Well Known and Active Website User
VOC Member
Tim, when I bought my Shadow in the UK a couple of years ago I rode it for several hundred miles. It was very fast but smoked. When it arrived in Australia I pulled the heads off. The exhaust ports had been well and truly "ported" taking too much metal off the boss for the lower exhaust valve guides. This allowed the guides to rotate and allow a lot of oil to pass. I then decided the safest thing to do was split the cases. I then found the main bearings were rotating on the crank. If you don't know what is inside then the safest thing to do is strip it. There is no doubt your gearbox is non standard as it should not have the high first gear, so what else has been changed? The only way to find out is a strip down. During the strip down I also discovered a large crack in the rear wheel hub, a couple of very suspect wheel bearings etc. etc.
 

Kiwi_Tim

Website User
VOC Member
I'll start off checking the sump oil content for volume, the mag had previously made its low speed running excellent, but definitely oiling up big time now. So possibly not scavenging properly.
funnily enough it did have joggle wires but I took them out. The bike has been running a straight 40 and the last few tops ups straight 50.
If the sump is fairly clear then I guess the top end needs investigation
theoretically the engine is Dec 53, a very late number.
 

oexing

Well Known and Active Website User
VOC Member
Could be the engine breather too, in that case a lot of oil gets burnt.

Vic
 

MartynG

Well Known and Active Website User
VOC Member
When I first got my Comet it smoked like a WW2 destroyer laying a smokescreen!

Turned out to be incorrectly fitted valve guides - the lower guides were out of alignment with the top guides resulting in very ugly wear on the valve stems and the guides thus lots of oil getting past into the combustion chamber to be burnt.

Fix was new valve seats, new guides (with valve stem seals) and new valves - Oh and a fair bit of $$$$. This time the lower/upper guides were line reamed. 50,000 miles later and still smoke free.
 

Bill Thomas

Well Known and Active Website User
VOC Member
I would put the wires back in !!, Unless you want to take it off the road and spend a lot of money.
A lot of people start stripping these out and the Bike is off the road for years.
Cheers Bill.
 

vibrac

Well Known and Active Website User
VOC Member
I don't think I have ever had an engine with joggle wires in.

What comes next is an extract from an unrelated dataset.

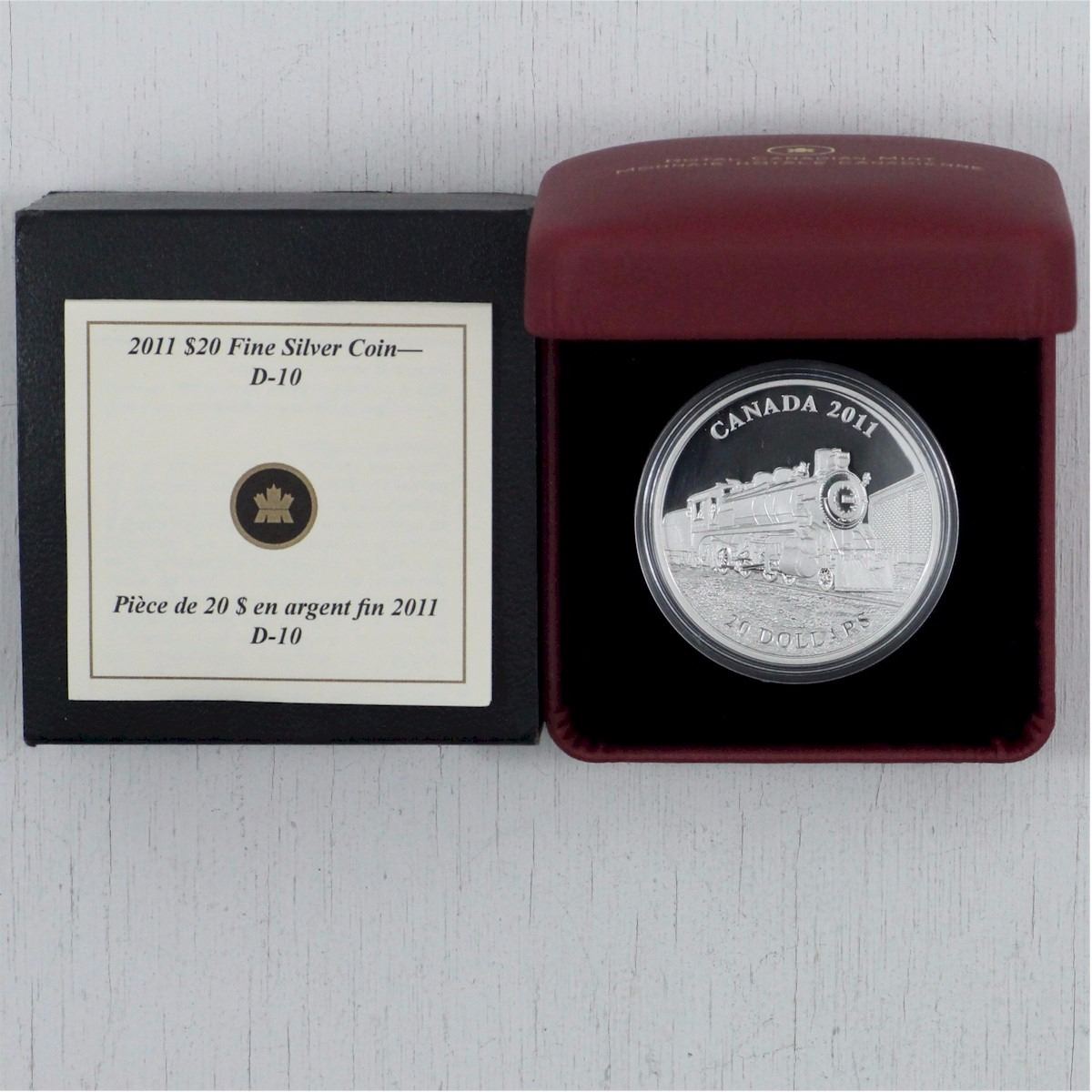 2011 Canada $20 Great Canadian Locomotive D10 Fine Silver Coin issued by the RCM (TAX Exempt) Buyers Premium will be added on all items as per our terms of sale. We accept Paypal, Credit Card, E-Transfer Payments, Cheque or Money Orders (there is an additional 3% fee for using Paypal or Credit Card). All invoices will be emailed immediately following the auction, please contact us if you would like to pay by credit card or receive a new revised lower total for mailing in payment or sending an e-transfer (3% discount). All Items Are Sold "AS IS", no returns

My take on them was based on what people like Ron Kemp said that with high mileage early oils and infrequent oil changes they stopped the small oil holes getting blocked. I change oil regularly and any racer I had was on R never seen a problem
 

Bill Thomas

Well Known and Active Website User
VOC Member
I'll start off checking the sump oil content for volume, the mag had previously made its low speed running excellent, but definitely oiling up big time now. So possibly not scavenging properly.
funnily enough it did have joggle wires but I took them out. The bike has been running a straight 40 and the last few tops ups straight 50.
If the sump is fairly clear then I guess the top end needs investigation
theoretically the engine is Dec 53, a very late number.
Tim, You will always get some oil out the sump drain !, Not too much I hope.:)
Cheers Bill.
 

Bill Thomas

Well Known and Active Website User
VOC Member
Tim, I have never checked it, But that don't sound too much,??, It has to have some, If you look in the tank when running, As long as it's returning, Vin's don't have a steady stream, It comes back in fits and farts,
Again, Try and look at another Bike. Cheers Bill.
 

chankly bore

Well Known and Active Website User
VOC Member
I remember P.E.I. saying "more harm is caused by oil not getting where it's needed than by it failing when it gets there." Especially in cold weather heavy oils tend to form "tunnels" with an outer layer adhering to pipe walls and causing the mechanical equivalent of a coronary occlusion, or perhaps a Colonial Delusion. Other things to check are valve stems gumming up and stuck rings. Personally, I run 30 or 40 grade in my Comet even in the hottest Aussie weather. P.E.I. used to like the old formula Castrol GTX because, to quote him directly, "it is messy stuff."